This is not what anyone has said. If anyone here is being dogmatic, it is you, because you cling to your alternate way of viewing the world, yet you have not one shred of evidence to back it up. When it comes to leading a fulfilling life, I daresay your fluffy spritualist approach is as good as any other, but when it comes to understanding the world around us, science beats it hands down.
That’s probably because you do not really understand what science actually is.
In the realm of trying to understand and explain the world and the universe that we observe around us, science is the only approach that makes sense.

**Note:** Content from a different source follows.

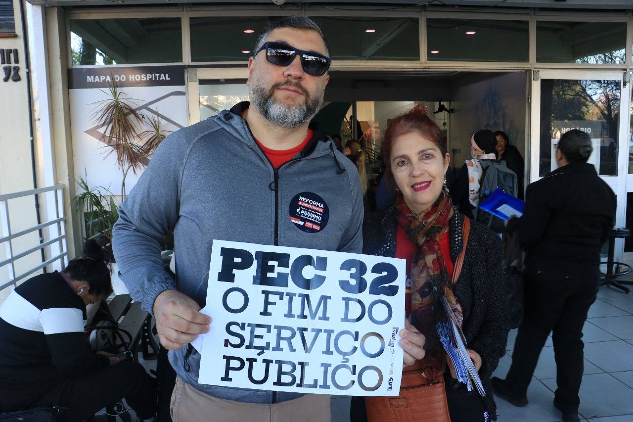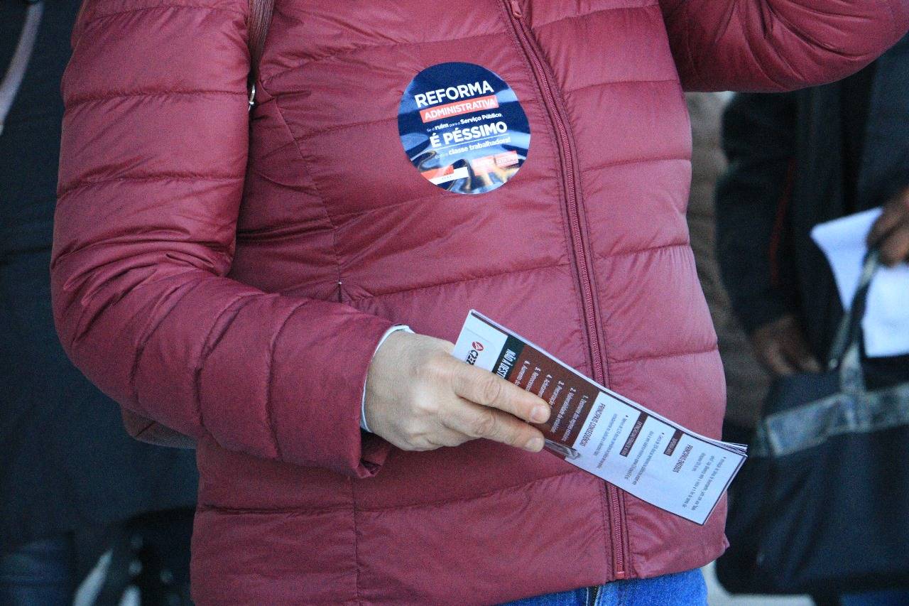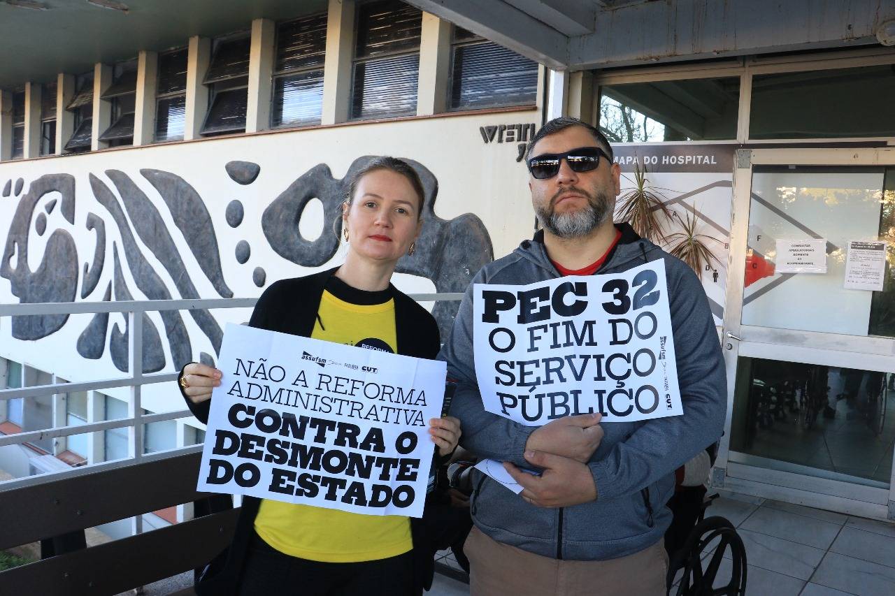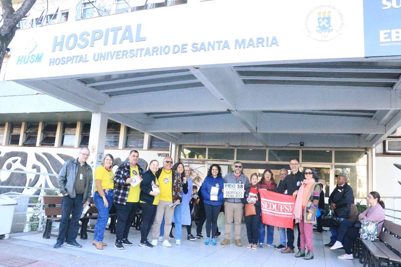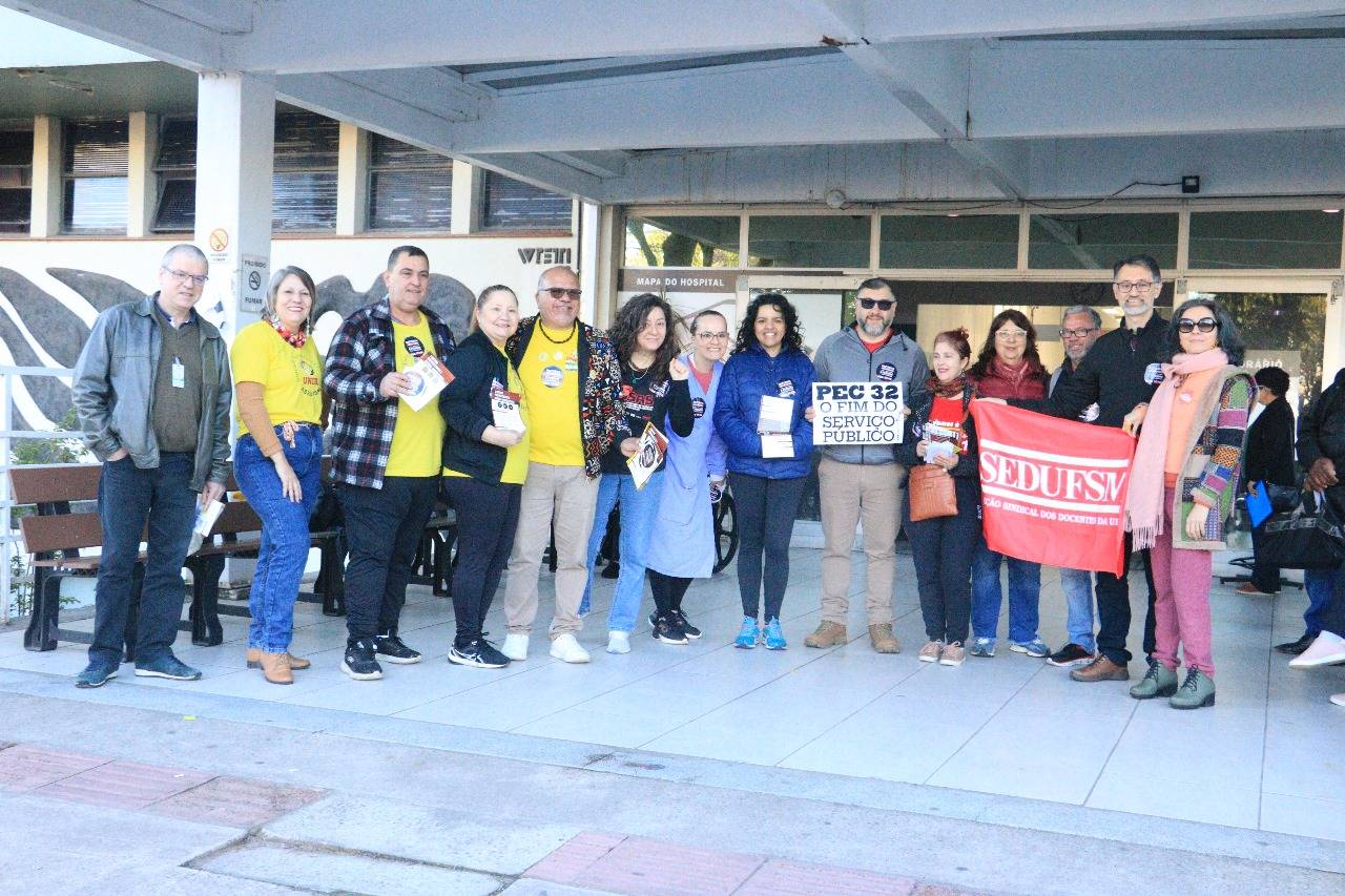 A atividade buscou dialogar diretamente com pacientes, trabalhadores/as e a comunidade em geral, chamando a atenção para os graves impactos que a Reforma Administrativa, em tramitação no Congresso Nacional, pode trazer caso seja aprovada. Durante a mobilização, Sedufsm e Assufsm distribuíram materiais impressos, explicando de que forma a proposta ameaça direitos sociais e coloca em risco serviços públicos essenciais, como saúde e educação. Os materiais também foram fixados na parada de ônibus, a fim de alcançar ainda mais visualização da comunidade.

You cannot know anything unless you have a means of verifying it. Comparison of what we think we know with reality (i.e. science) is the only way that gives us this objective verification.
So, when we say that science does not have all the answers, we mean it. There are many fields of active research where scientists are pursuing some very hard questions.
OTOH, when we dismiss any other method of explaining the universe, we can legitimately do this because any methodology that compares theorising against the way reality actually behaves is a part of science. And any methodology that does not compare its theorising or speculation against reality is doomed to, at the very best, perpetual uncertainty, but more typically, failure. The arguments proposed to support ID have been shown to be both illogical and at odds with reality as we find it.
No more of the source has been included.